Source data
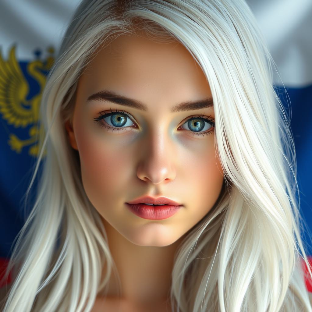 сненерируй картинку .Девушка с длинными белыми волосами , серо-голубыми глазами , тонкими чертами лица , пухлыми губами , маленьким носом . на фоне флаг России
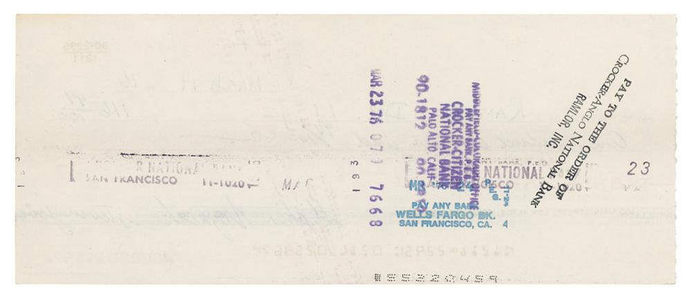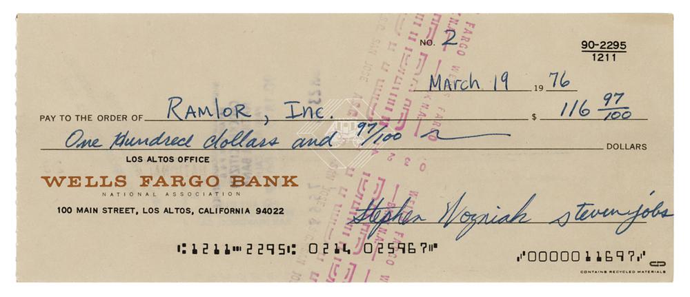 Historic Wells Fargo bank check, 7.5 x 3, filled out and signed by Steve Jobs, "steven jobs," and countersigned by Steve Wozniak, "Steve Wozniak," payable to Ramlor, Inc. for $116.97 (with "One Hundred dollars and 97/100" curiously written as the amount), March 19, 1976. This temporary check, issued upon opening Apple's first bank account, bears the same routing and account numbers as other early Apple Computer Company checks we have offered—those, however, date to July 1976 and are imprinted with Apple's first official address at '770 Welch Rd., Ste. 154, Palo Alto'—the location of an answering service and mail drop that they used while still operating out of the famous Jobs family garage. In very fine condition.
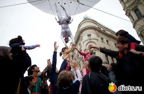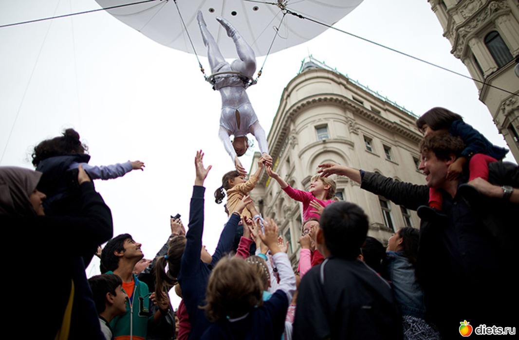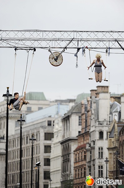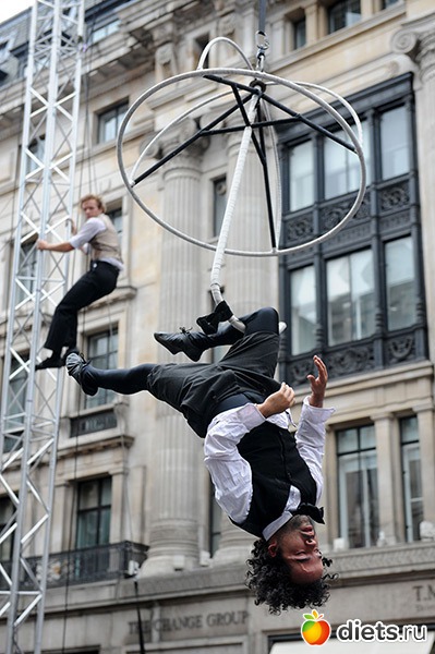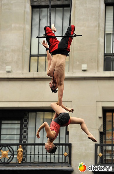 6. Гимнасты на трапециях высоко над улицей. (Ray Tang/Rex Features/Rex Features)
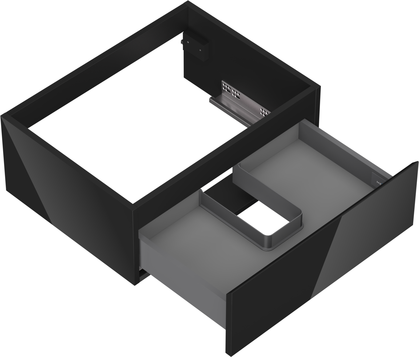 Výřez v zásuvce je navržen tak, aby pojmul sifon, který je nezbytný v instalacích umyvadlových. Díky tomu může být nábytek plně funkčně namontován, aniž by bylo nutné vzdát se prostoru v zásuvce ve prospěch instalace.
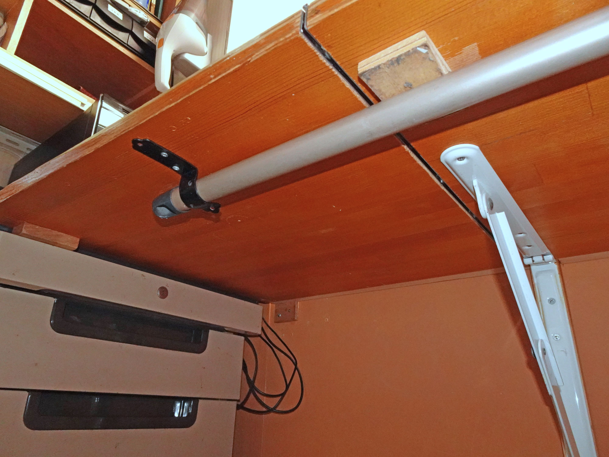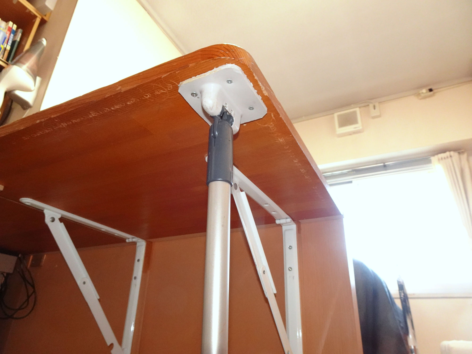 (右上の画像)。 左側はヘッドボードに取り付けた木片と最上段の抽斗(右下の画像)で支えらるようにした。 相当重い物を載せても大丈夫。 テーブル右手前下の足の棒は床掃除モップのヘッド部分を利用して、自由に動くようにし、棒に足を引っ掛けても払われた棒先は自由に動いてヒンジ部分に無理な力が掛からず壊れないようにした(左下の画像)。 この足はテーブルを畳んだ時には、テーブル下左側の金具に挟み込んで、テーブルを折り畳んだ時には左側の板がグラグラせずにしっかりと固定されるようにした
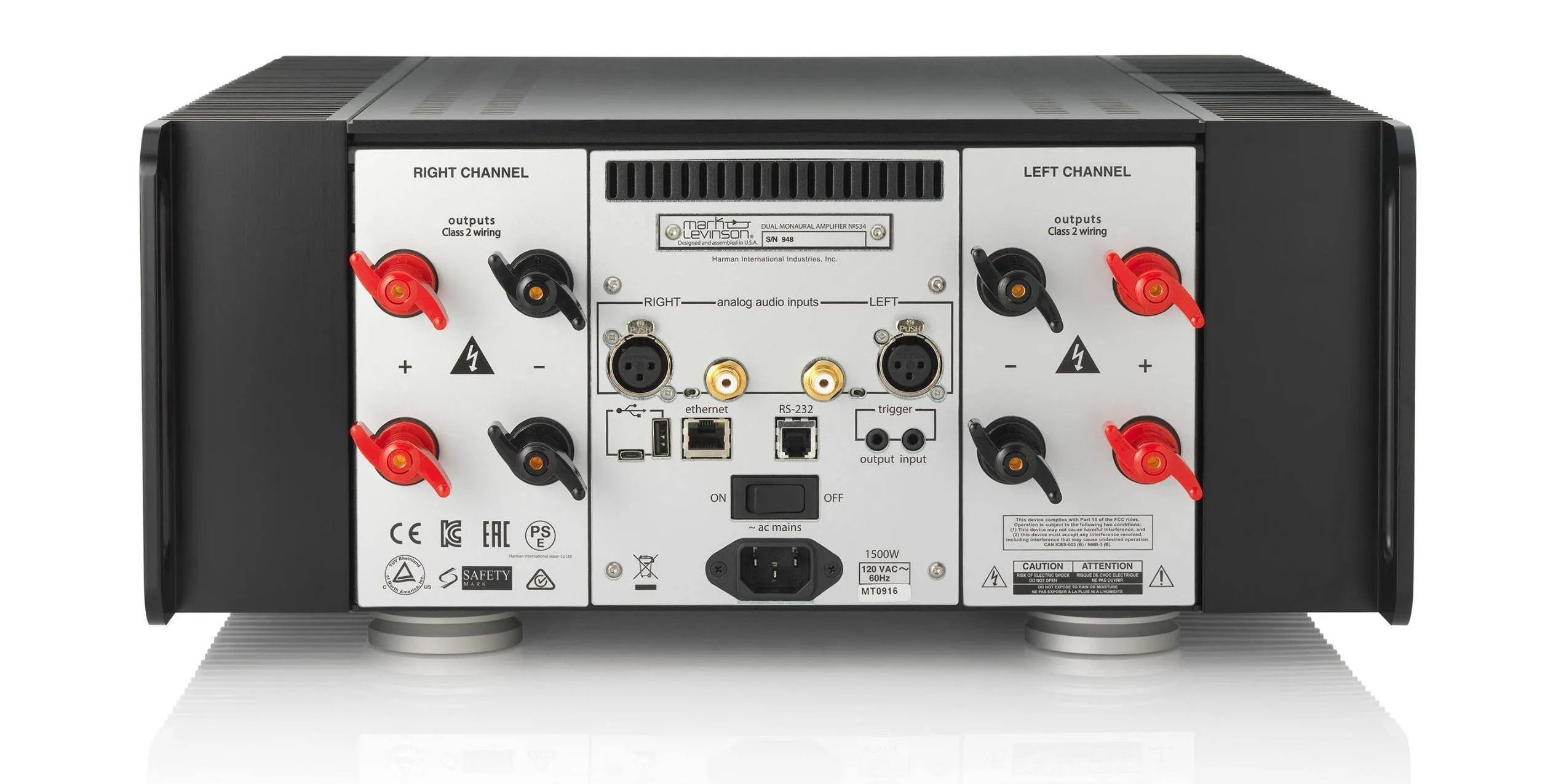 Модель Mark Levinson №534 имеет тяжелый корпус из экструдированного алюминия (сплав 6063-T5) и отличается высокой точностью сборки с предельно малыми допусками. Усилитель оснащен балансными, а также несимметричными входами. Для подключения АС служат четыре пары винтовых позолоченных терминалов с фирменными фиксаторами Hurricane, с помощью которых можно организовать двухпроводное подключение колонок. На борту имеются триггерные разъемы (вход/выход), интерфейс RS-232, USB-порты и LAN-порт, благодаря чему оконечник легко интегрируется в систему «умного дома» или в локальную сеть, а его настройки при этом можно изменять, используя веб-страницу.
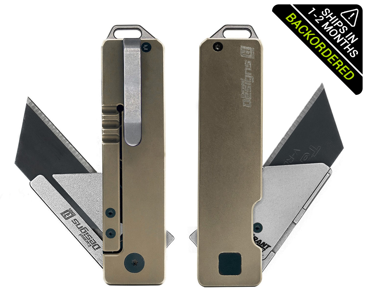 (SHIPS IN 1-2 MONTHS) TiRant® RAZOR V3 Utility Knife (Centurion Bronze ANO Ti WORKS Edition + Stonewashed Blade Holder)

Assignment: Print each entry precisely as written; the pictures stay out.

Answer space:
 сненерируй картинку .Девушка с длинными белыми волосами , серо-голубыми глазами , тонкими чертами лица , пухлыми губами , маленьким носом . на фоне флаг России
 Historic Wells Fargo bank check, 7.5 x 3, filled out and signed by Steve Jobs, "steven jobs," and countersigned by Steve Wozniak, "Steve Wozniak," payable to Ramlor, Inc. for $116.97 (with "One Hundred dollars and 97/100" curiously written as the amount), March 19, 1976. This temporary check, issued upon opening Apple's first bank account, bears the same routing and account numbers as other early Apple Computer Company checks we have offered—those, however, date to July 1976 and are imprinted with Apple's first official address at '770 Welch Rd., Ste. 154, Palo Alto'—the location of an answering service and mail drop that they used while still operating out of the famous Jobs family garage. In very fine condition.
 6. Гимнасты на трапециях высоко над улицей. (Ray Tang/Rex Features/Rex Features)
 Výřez v zásuvce je navržen tak, aby pojmul sifon, který je nezbytný v instalacích umyvadlových. Díky tomu může být nábytek plně funkčně namontován, aniž by bylo nutné vzdát se prostoru v zásuvce ve prospěch instalace.
 (右上の画像)。 左側はヘッドボードに取り付けた木片と最上段の抽斗(右下の画像)で支えらるようにした。 相当重い物を載せても大丈夫。 テーブル右手前下の足の棒は床掃除モップのヘッド部分を利用して、自由に動くようにし、棒に足を引っ掛けても払われた棒先は自由に動いてヒンジ部分に無理な力が掛からず壊れないようにした(左下の画像)。 この足はテーブルを畳んだ時には、テーブル下左側の金具に挟み込んで、テーブルを折り畳んだ時には左側の板がグラグラせずにしっかりと固定されるようにした
 Модель Mark Levinson №534 имеет тяжелый корпус из экструдированного алюминия (сплав 6063-T5) и отличается высокой точностью сборки с предельно малыми допусками. Усилитель оснащен балансными, а также несимметричными входами. Для подключения АС служат четыре пары винтовых позолоченных терминалов с фирменными фиксаторами Hurricane, с помощью которых можно организовать двухпроводное подключение колонок. На борту имеются триггерные разъемы (вход/выход), интерфейс RS-232, USB-порты и LAN-порт, благодаря чему оконечник легко интегрируется в систему «умного дома» или в локальную сеть, а его настройки при этом можно изменять, используя веб-страницу.
 (SHIPS IN 1-2 MONTHS) TiRant® RAZOR V3 Utility Knife (Centurion Bronze ANO Ti WORKS Edition + Stonewashed Blade Holder)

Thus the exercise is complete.